Мы пошли через весь осенний сад к сараю. Здесь было еще тише, чем на дороге. Листья не только шуршали под ногами, они даже на землю опускались с шорохом. И казалось, что мы не в саду, а у моря – будто легонько шумит ласковый прибой своими маленькими волнами по золотистому песку.
И запах стоял такой грустный, горьковатый и печальный, что даже кружилась голова.
Но такая мирная осенняя тишина продолжалась недолго. Едва мы вытащили из сарая лестницу и три длинных шеста, как она взорвалась сначала воем сирены, а потом визгом тормозов и грозным окриком:
– Стоять! Руки за голову!
Мы задрали руки и обернулись. За заборчиком стояла милицейская машина. Она вовсю ныла и крутила на своей крыше разноцветную мигалку, а два милиционера направили на нас свои автоматы.
– В чем дело? – возмутился Бонифаций. Тут на крыльце появился наш Вася. И все
объяснилось. Оказывается, сарай с дровами тоже поставили на сигнализацию, и она сработала, как только мы открыли его дверь. Вася забыл ее отключить. А милиция примчалась мгновенно, потому что была совсем рядом, на другом конце поселка.
Милиционеры отругали Васю и уехали. А мы занялись своим делом.

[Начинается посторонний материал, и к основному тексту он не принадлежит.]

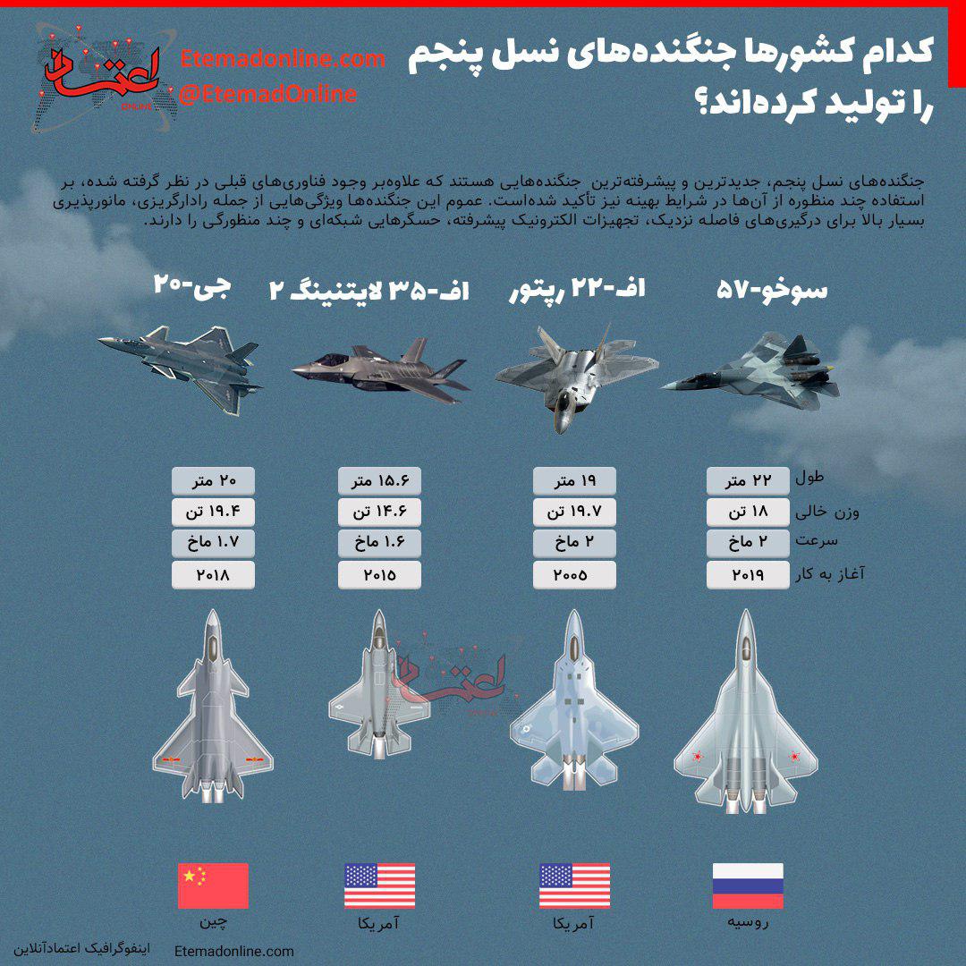 در بین جنگندههای نسل پنجم، آمریکا، روسیه و چین مجهزترین و بهترین جنگنده ها را دارند. سوخو 57 و اف 35 شاید قدرتمندترین و مجهزترین هواپیمای نسل پنجم باشند. این اینفوگرافی مهم ترین جنگنده های نسل پنجم حال حاضر دنیا را معرفی میکند:
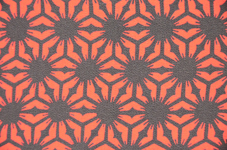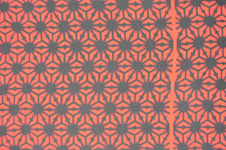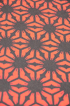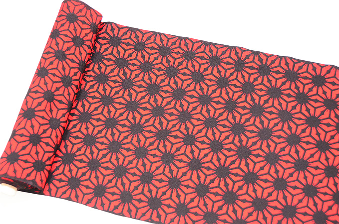 赤い鬼シボ縮緬に、黒くきっかりと麻の葉文様が描かれています。

Вытряхивай орехи из скворечника, – сказал Бонифаций Алешке с надеждой в голосе.
А чего там вытряхивать? – честно признался Алешка. – Нет там ничего.
Мы приколотили шесты к скворечникам и выбрали три самых высоких дерева. Бонифаций придерживал лестницу, Алешка подавал мне птичьи домики, а я крепил их к стволам.
– Отлично! – похвалил нас Бонифаций, отойдя в сторонку и любуясь делами рук наших. – Со вкусом. Я бы сам не отказался пожить в таком домике весной.
Алешка с удивлением глянул на него, но ничего не сказал. Из уважения.
Потом мы зашли в дом, поглядели экспонаты. Все было в порядке – валенки на печке, сундук на полу и картина на мольберте. Завешенная от мух и пыли кусочком старого холста.
Алешка его откинул и долго рассматривал картину, а потом сказал:
– Мне нравится. Я бы смог ее окончить. Не сомневаюсь. На картине был нарисован какой-то перекресток из серых современных домов, светофор с зеленым глазом, а в глубине – силуэт старинной церкви с голубыми куполами.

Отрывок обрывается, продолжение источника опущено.